Your final submission will include: a concept from the reading you wanted clarification on, the initial prompt you used to get clarification from a genAI chatbot, and a short reflection on how you used genAI.

  1. Read section 6.4 Considerations in High Dimensions in the course textbook: An Introduction to Statistical Learning with applications in Python. The section covers challenges to fitting regression models and interpreting results on high-dimensional data.

  2. While reading, identify one concept or claim from the section that you did not fully understand.

  3. This step is designeed to help you write more detailed prompts. Use a generative AI tool (such as ChatGPT or Claude) to help clarify the concept you did not fully understand. Save your prompt so you can report it in this task. Your prompt should go beyond “explain X to me.” and should include at least two of the following elements:

    • Your background (For example: “I am X who knows Y and is learning about Z, I am reading X for my course on Y, etc)
    • The specific source of confusion
    • A requested format or approach (e.g.: “use a concrete numerical example” or create an analogy)
    • A constraint or comparison (“explain how Z method differs from Y method” or “avoid matrix notation”)
  4. If the response didn’t fully resolve your confusion, iterate: refine your next prompt and try again.

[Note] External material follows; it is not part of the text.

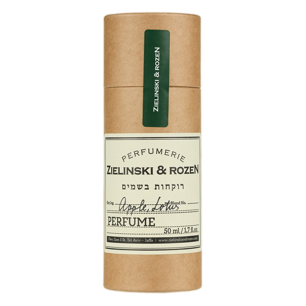 Необычная комбинация нот дала неожиданно красивый результат. Яблочный аккорд привнес в композицию свежую фруктовую зелень. А лотос — дурманящую терпкую сладость с пряным привкусом. И нет человека, который не изумился бы, насколько элегантным получился этот контраст. Духи собраны из натуральных ингредиентов, которыми славится израильский бренд Zielinski & Rozen. Флакон темного стекла дополнен золотистым или серебристым колпачком.
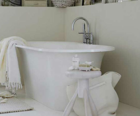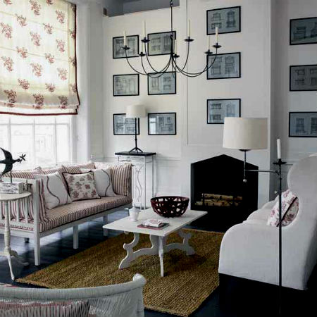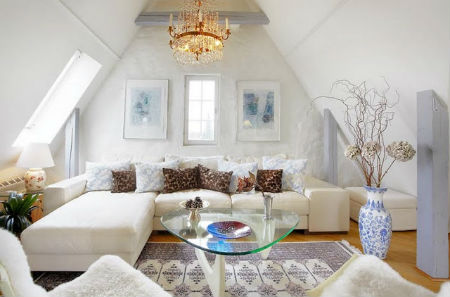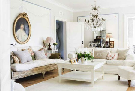На фоне белых стен (было рассмотрено выше) в гостиной комнате будет великолепно смотреться белоснежный диван, покрытый цветастым пледом и множеством подушек, создающих концепцию «творческого беспорядка». На полтона темнее обивки дивана можно приобрести несколько комфортных кресел, на пол постелить небольшой круглый, овальный или прямоугольный ковер, сочетающийся по тону с обивкой мебели или пледами. Журнальный столик может быть изготовлен как из дерева, так и из металла с декоративной ковкой, но главное условие — покраска в белый цвет.

  5. In a short paragraph (4–6 sentences), reflect on your use of generative AI in this task: which tool did you use, what prompts did you give it, and how many iterations did it take to get it to clarify your question? Did the response match the information given in the textbook? This short reflection should be independently written by you, with no AI assistance.

Your submission should be a Quarto document, named hwk3-task3.qmd, (inside your forked repo) with the following structure:

Section Content
Title + intro Title + one sentence explaining the content of the document
Concept to clarify The concept or claim that you looked clarification for
Prompt The initial prompt you wrote to gain understanding
Generative AI reflection Answer to step 5

Rubric

  • Steps 2, 3, 5 and the Title/ Intro will be graded as 1: complete, 0: incomplete.